I received an email today from my family doctor's clinic telling patients to be less particular about whether they get to see their doctor or not when they schedule an appointment with... their doctor. The parts I take issue with are in bold. Here's the email body:
Good Morning <clinic> Patients,
A Reminder to Our Patients: <clinic> is Proud to Be a Teaching and Team-Based Facility.
Medical learners (students and residents, most of whom are training to be family physicians) are an important part of our team. Physician assistants, nurse practitioners, and locum/covering physicians are also crucial to our clinic functioning.
With the help of our team:
- We are able to offer non-urgent appointments usually within 1-2 weeks.
- We are able to offer same-day appointments for urgent issues.
- We are able to continue to provide care to our current <clinic> patients at a time when there are a record number of family physicians leaving practice.
- We play an important role in training the next generation of family physicians.

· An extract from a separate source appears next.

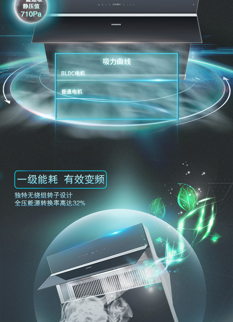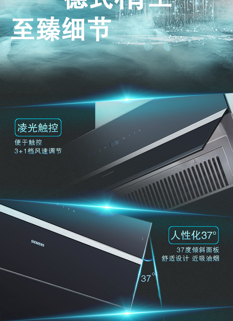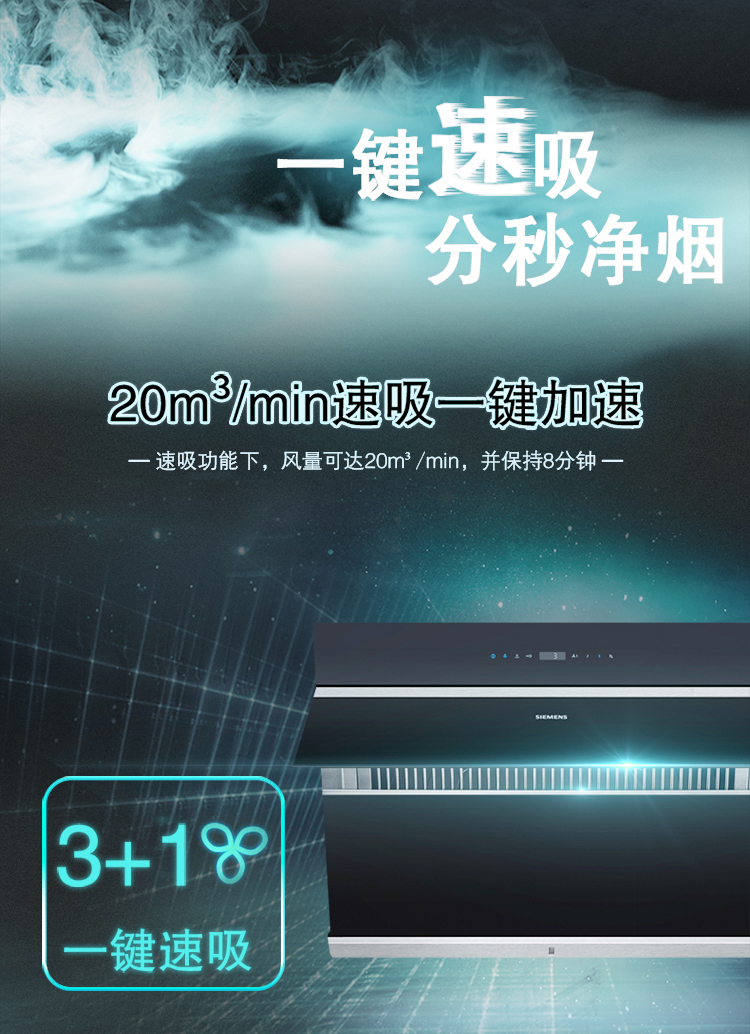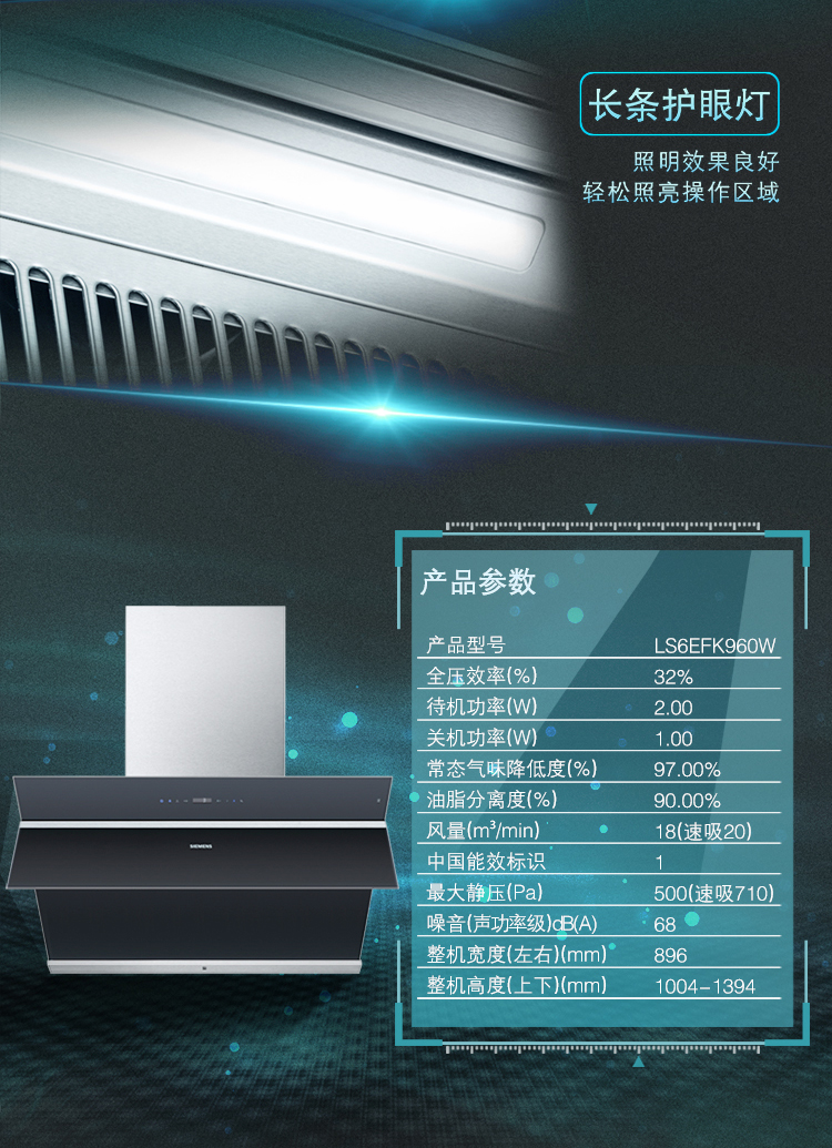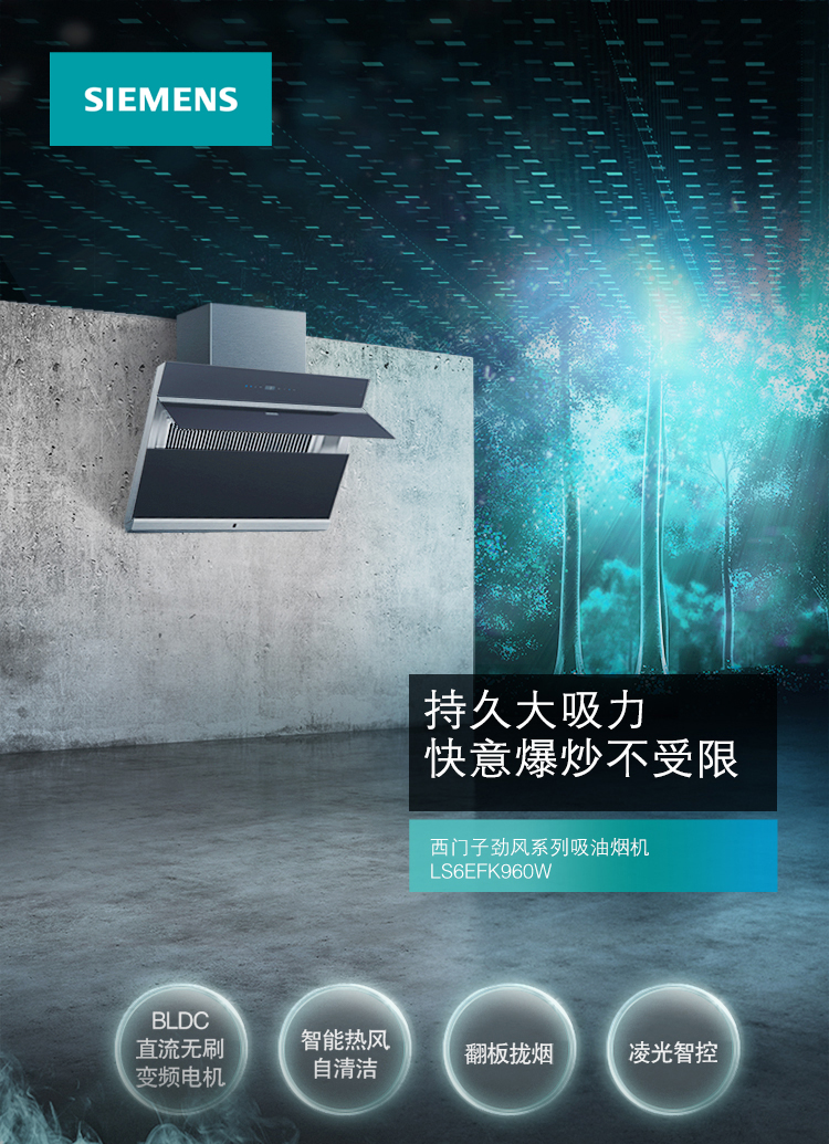西门子(SIEMENS)壁挂式侧吸式抽油烟机 大风压吸油烟机20m³/min 热风自清洁大吸力智能联动 LS6EFK960W

There have been an increasing number of patients requesting appointments with their provider only (and declining to see other members of the <clinic> team). This causes significant disruptions to the clinic and affects our ability to provide equitable care to all <clinic> patients.
Moving forward, when you book an appointment, you should expect that you may see a medical learner, physician assistant, nurse practitioner, or a physician covering for your primary family physician. For many appointments, your family physician will be available to see you after you have been seen by another practitioner, if requested or needed. Please be aware that learners and physician assistants are supervised directly by your physician.
This team-based model of care may not be the right one for you, and if you wish to transfer your care to another clinic, we will be happy to waive the usual fee for transfer of records.
We appreciate the important role you play in medical education and making practicing family medicine sustainable.
Sincerely,
The physicians and staff at <clinic>.
So basically, patients want to see their doctors instead of medical students and the clinic is telling the patients to fuck off with their standards and expectations. Instead of building rapport, confidence, and sharing personal vulnerabilities with your family doctor, you can now expect to do it with random, unqualified, inexperienced people who you'll never see again and who don't know your history. If you don't like it, despite paying these fuckers' wages, you can pound sand.
FYI, when this email says the students and assistants are directly supervised, it's figurative. It means the students and assistants report to the doctors, not that the doctors are in the room while the assessments and appointments are conducted. You're expected to meet with these unqualifieds one-on-one. There used to be supervised appointments where medical students would simply shadow the doctor with permission from the patient, but that hasn't been the case for years.
Also, moving to another family doctor is extremely difficult. Most doctors have a maxed-out roster and are not accepting new patients. There are 2.3 million Ontarians without consistent access to a family doctor in a province of 14.5 million.
Canadian tax dollars at work.
The US tries to push this more and more I've found too. I ended up going along after my old-school doctor retired. It's not that I can't see the real doctor, just expect it to take longer to get appointments etc. For me though, I'm really just showing up to get blood work done so I can track certain things ahead of time.
So it's not a ton different with us having the big insurance model, just less forced. I'm actually considering looking into something like hospitalization-only insurance if such a thing exists and planning to pay the rest out of pocket. You'll find US doctor's offices can often be receptive to the "how much if I pay you right now" model and it's not all that ridiculously priced. Hospitals on the other hand, wow. I had a surgery over a decade ago, I kid you not I was on the hospital premises for less than two hours from car door to car door, and it was around a $20k bill. Of the total bill, the highly experienced surgeon I'd chosen got less than 10%, anesthesiologist got about 15%, the remaining 75% went to the hospital. $15k for two hours in the hospital, one of which was spent in waiting rooms and the like.